Google Boots BMW For Web Spam

Google has been trying to lure big brand marketers to paid search for a while now, but that didn't save car manufacturer BMW from having its German site, BMW.de, expelled from Google's organic results listings for using so-called black hat optimization techniques.

BMW Germany's offense? It apparently showed one page--a "doorway"--to Google's search crawler, but another to visitors.

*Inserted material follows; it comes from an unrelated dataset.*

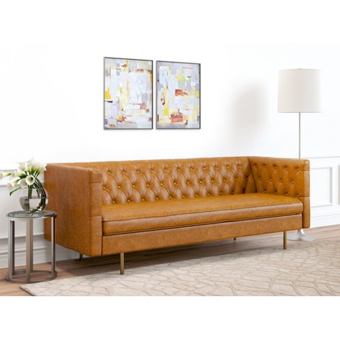 Barnaby Tufted Faux Leather Sofa Af Lifestyle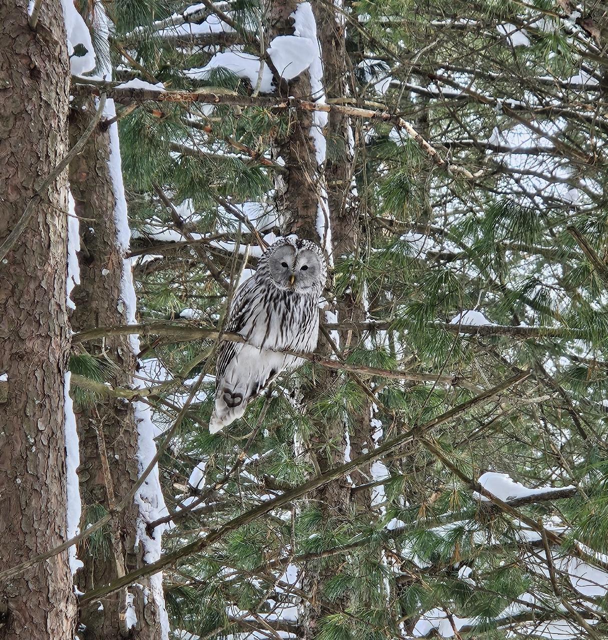 В Ботаническом саду Йошкар-Олы вновь замечены охотничьи птицы. В частности, кедровую аллею сада посетил неясыть.

The doorway was allegedly loaded with the keywords "used cars," but the company then redirected visitors to a different landing page.

Google blogger Matt Cutts first wrote about the development this weekend, saying that the tactic violated Google's quality guidelines, which state that Web sites shouldn't show different pages to search crawlers than to users.

A BMW spokesman told Forbes that the company had not done anything wrong. "We do not understand why Google has decided this," the spokesman was quoted as saying.

Doorways are a fairly common type of Web spam tactic--"black hat 101," said Josh Stylman, managing partner of search engine marketing company Reprise Media. "It's a technique that's been frowned upon for years," he said.

BMW is hardly the first big brand Google has expelled, said Stylman, adding that he has come across other companies that were ousted from Google's results pages. "It's entirely possible that some companies go outside the guidelines, and might not even understand what the quality guidelines are."